В-третьих, что логично вытекает из предыдущего, вселенский круговорот замкнут на самого себя и самодостаточен.
В уроборосе воплощен образ «самооплодотворения или же примитивная идея самодостаточной Природы — природы, которая, а-ля Ницще, постоянно возвращается внутри циклического паттерна к своему собственному началу».
И вновь Платон:
Казалось бы, что может быть прекраснее подобного Космоса, этой восхитительной, гармоничной, цикличной, вечно саму себя воспроизводящей системы? Выражаясь языком Чарльза Тейлора, уроборос — это «имманентная рамка», столь импонирующая сторонникам секулярного мировоззрения и поклонникам естественно-научной картины мира: неслучайно уроборос периодически всплывает в работах современных ученых.

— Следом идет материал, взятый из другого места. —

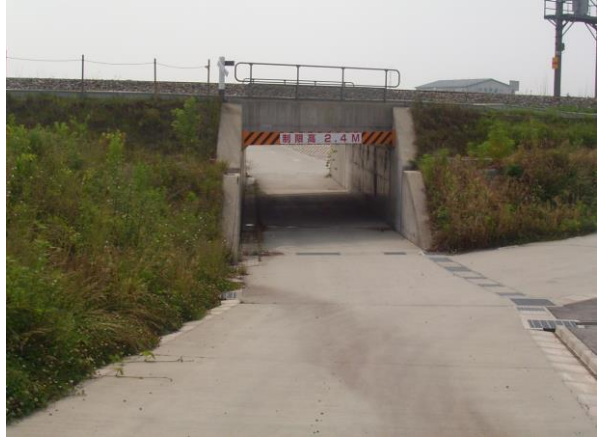
山側から海側を望む

Так почему же в некоторых религиозных традициях (в частности, в гностицизме) уроборос вдруг становится чем-то негативным, пугающим, угрожающим? Апофеозом этой тенденции становится христианство, где уроборос превращается в гигантского Левиафана — чудище, семиглавого дракона, символизирующего Сатану, сходящего в «Откровении Иоанна Богослова» на Землю, дабы после недолгого торжества оказаться в конечном счете низвергнутым в бездну ангелом. Что же зловещего увидели христианские гностики в этом кусающем себя змее? Какое дело до этого древнего символа может быть современному человеку? Можно ли увидеть за символом нечто, имеющее непосредственное отношение к повседневному человеческому существованию?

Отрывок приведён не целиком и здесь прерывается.